TASK INSTRUCTIONS » Reproduce nothing beyond the line containing "本案最大的施工难度就是多种石". From the first line of the data below down to it, copy each line exactly, without the pictures.
-------- SUPPLIED MATERIAL --------
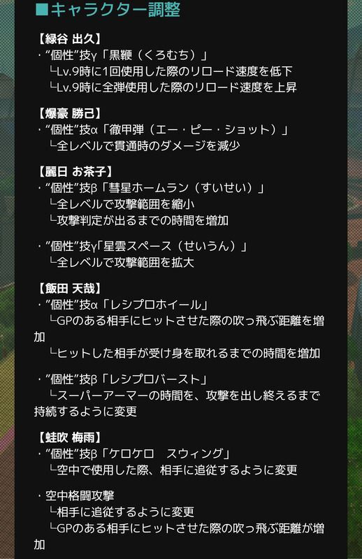 2023/11/24のアプデにてバグの修正やキャラクターの能力調整が実施。
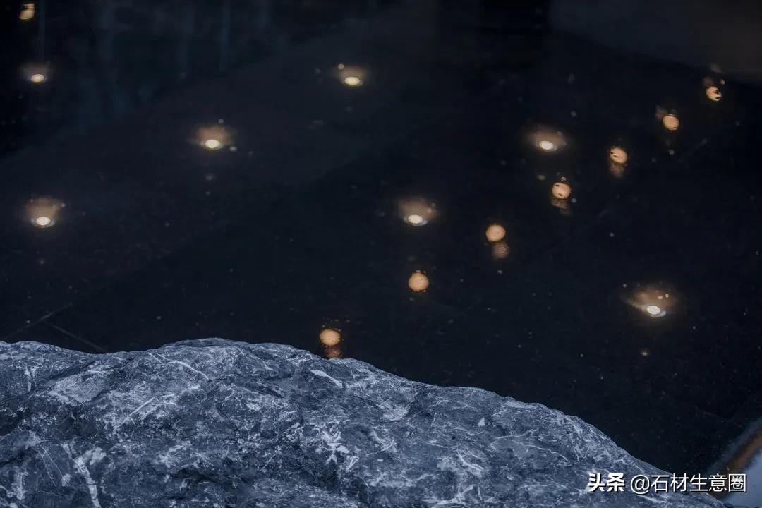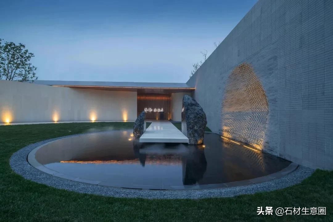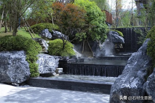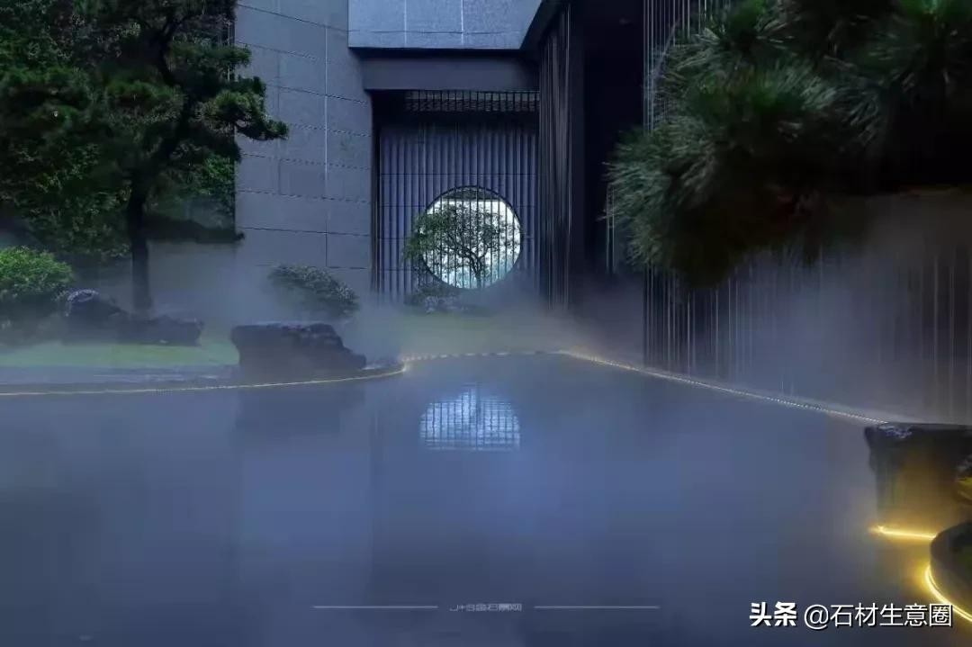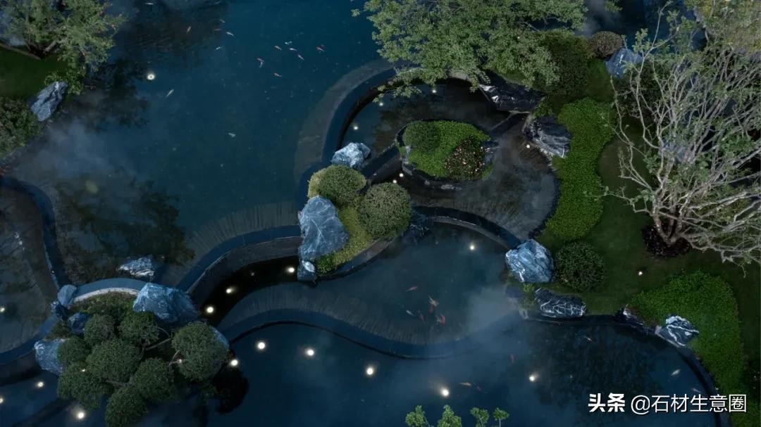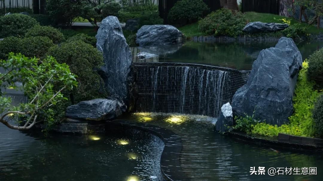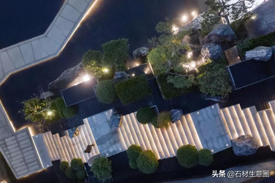 本案最大的施工难度就是多种石景的落地:被小径或玻璃栏杆切分开的水中浮石、跨过水底至平台的巨大点景石、高耸成为护栏的立石,以及作为水景源头的泉石。经历了:选石、切割、现场定型、控制修正、调整重塑等过程。黑山石坚实黝黑,最终演绎了江海岸礁的力量之景。
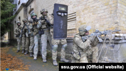 Тыднем раней на антытэрарыстычных вучэньнях у Ровенскай вобласьці спэцыяльныя падразьдзяленьні Службы бясьпекі і іншых праваахоўных органаў адпрацоўвалі затрыманьне «тэрарыстаў», якія захапілі будынак гаспадарчага суду.
--------
THE COMPLETED TASK »
 2023/11/24のアプデにてバグの修正やキャラクターの能力調整が実施。
 本案最大的施工难度就是多种石景的落地:被小径或玻璃栏杆切分开的水中浮石、跨过水底至平台的巨大点景石、高耸成为护栏的立石,以及作为水景源头的泉石。经历了:选石、切割、现场定型、控制修正、调整重塑等过程。黑山石坚实黝黑,最终演绎了江海岸礁的力量之景。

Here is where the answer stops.